Skip James

Ces dernières semaines, bousculé par le vent, les amours contrariées et les compléments d’objet indirect vicelards, je perdais un peu mon latin, ou ce qu’il en restait. Alors, me noyer dans les mots, c’était la seule voie, le seul exutoire.
Ce n’était pas de la littérature, mais de l’exorcisme.
Tenu en éveil par un blues de force 3, j’allais tremper ma plume dans l’encre la plus noire, la plus profonde. Celle qui grave l’épiderme, signe les sentences définitives et les condamnations à mort. Elle me suintait des yeux, coulait entre mes doigts pour finir par s’épandre sur la page blanche, une étendue de sable balayée par le vent fétide des souvenirs. Récrits, tronqués, ou enjolivés. Plus grand-chose à voir avec la réalité en tout cas.
Après une douzaine d’huîtres, une bouteille de bulles et le départ de la frangine, l’appart semblait rétrécir. Avec peut-être l’envie de m’engloutir. Ses murs vibrants à l’aune de mes pulsations cardiaques .

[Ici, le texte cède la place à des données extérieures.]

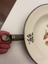 Scalda pappa originale, anno 1958, in metallo e ceramica. La parte sotto che contiene l’acqua calda è chiusa con un tappo sempre in metallo. Non garantisco la tenuta stagna dell’oggetto essendo molto vecchio, più per collezione che per utilizzare per un bambino.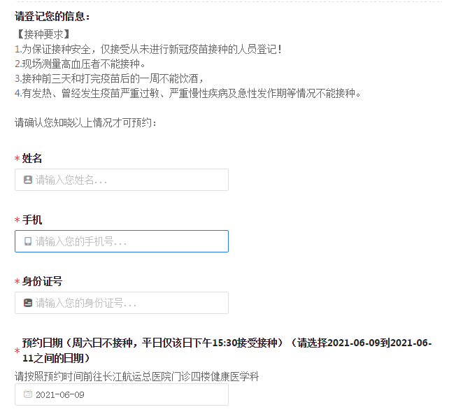 1.为保证接种安全,仅接受从未进行新冠疫苗接种的人员登记!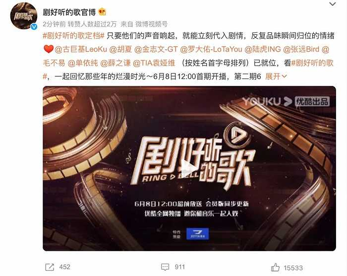 后者是内娱首档OST音综,影视剧歌曲这个双IP叠buff的玩法还蛮新鲜。该项目无疑是优酷年中力推的重磅S+(定档了6月8日),卡司能码到罗大佑、古巨基、薛之谦、毛不易,算是音综里很有想法也很豪华的一个选角。

Ivre et triste. Perdu. Emmêlé dans le fil poisseux de mes pensées. Marcher. Jusqu’à l’oubli. Descendre en courant les cinq étages, retrouver la lune, seul .

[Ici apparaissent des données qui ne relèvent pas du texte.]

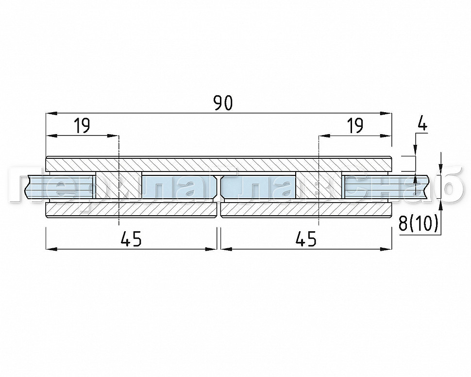 Коннектор для душевой кабины стекло-стекло 180°, 45х45 мм. Материал - латунь-хром, поверхность - полированная

La voix de Skip James gommant peu à peu les bruits, je partais promener ma mélancolie dans les pentes, comme un vieux chien, la laissant doucement tirer des bords de poteaux en coins de rues, renifler la piste d’autres errances. Lire comme un rébus les entrelacs d’urine et de bière éventée. Lever la tête aux grondements de basses de fêtes muettes. Voir s’agiter en contre-jour de sombres silhouettes derrières les fenêtres d’un samedi d’avril.
Ivre. Et las. Besoin de coller ma joue au grain du béton, en humer les aspérités, poser mon souffle sous son aisselle. Effleurer la pierre, duvet d’une nuque s’hérissant à quelque murmure, fouiller l’âme et le sexe de cette nuit d’une langue pointue. M’oublier dans ses beaux yeux. Enfin, cogner mon front aux portes closes comme on pose sa tête entre ses mains. Sentir monter doucement la bile, l’angoisse qui jette à terre, charrie de mur en mur, de marches d’escaliers en paliers anonymes.
Le blues avait finalement un goût de rhum ambré, rond comme une cuisse de princesse barbadienne, et l’accent du Mississippi, quatre « s » et quatre « i ».
Il était temps de rentrer.
C’est toujours là que je le retrouvais, assis sur mon canapé. En train de me fausser le manche de guitare avec ses open-tunings diaboliques et la gueule grande ouverte à me siphonner mes meilleures bouteilles. Je m’asseyais à côté de lui. Pour sentir contre mon épaule la vieille épaule de mon Vieux. Pour picoler tranquille. Tout me revenait, tout m’échappait, tout se diluait peu à peu dans la gnôle. Rond comme un derviche, je m’abandonnais à la transe éthylique en ré mineur. Je me frottais doucement à la toile écrue du Vieux. Ca ne me dérangeait pas cette odeur de feuilles et de tombe humide, ça me rappelait Robinson, quand il se glisse dans sa grotte pour retrouver le ventre de sa mère.
Ca me rappelait l’odeur des Bois Noirs. Et l’odeur de la brume aussi, quand elle se faufile dans les interstices de la nuit pour gagner les rues.